The same mistake

I started writing this entry in January, 2016, just after my first entry. I was in a strange state of mind — very depressed, largely due to taking Cymbalta, which I later found out I SHOULD NEVER, EVER TAKE — but I figured I’d post it now, after a bit of editing.

I was very morose. In a deep, dark hole. And the maudlin sentimentality reflects the state of mind I was in at the time.

Note that I was still vol-cel at the time. The issues I discuss here were not sexual, and I think I underestimated just how prevalent the assumption that ‘male attention toward a woman is always sexual’ actually is. Like I said, I was in a weird place, mentally and emotionally. I’m always struggling by January anyway.

I find the thinking morbidly empathetic and self-pitying. The style overly formal, neurotically overstated, and approaching the incomprehensible… but I’ll publish it now, after a little cleanup effort, if only to remind myself of where I was at that time, and where I don’t ever want to go back to…

I don’t want to make the same mistake.

There has never been a mistake I’ve ever made that I have the wisdom never to repeat. One does not live a lifetime on a first meal. Why then the insistence that we learn from our mistakes?

Among those mistakes that are my ‘existential Chinese food’ is the tendency to over-generalize a similarity with someone.
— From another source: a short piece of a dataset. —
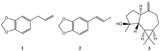 Sixteen components were identified in the leaf EO: 78.06% were phenylpropanoids, 3.08% terpenes and 0.37% benzaldehydes. Leaf EO was mainly characterized by safrole (1) (65.03%), isosafrole (2) (11.90%), and spathulenol (3) (11.16%) (see Figure 1).

No matter how many times it’s happened, I still sometimes find myself taking some small glimmer of similarity with a person, and wrongly projecting it into a broader compatibility. Perhaps it’s wishful thinking on my part, a hope of connection to another like mind that I discussed in my previous essay, “Contemplating Loneliness”.

Perhaps this over-generalization flaw is actually a reaction to its opposite: the inability to generalize, or predict, what other people are going to do in some social situations.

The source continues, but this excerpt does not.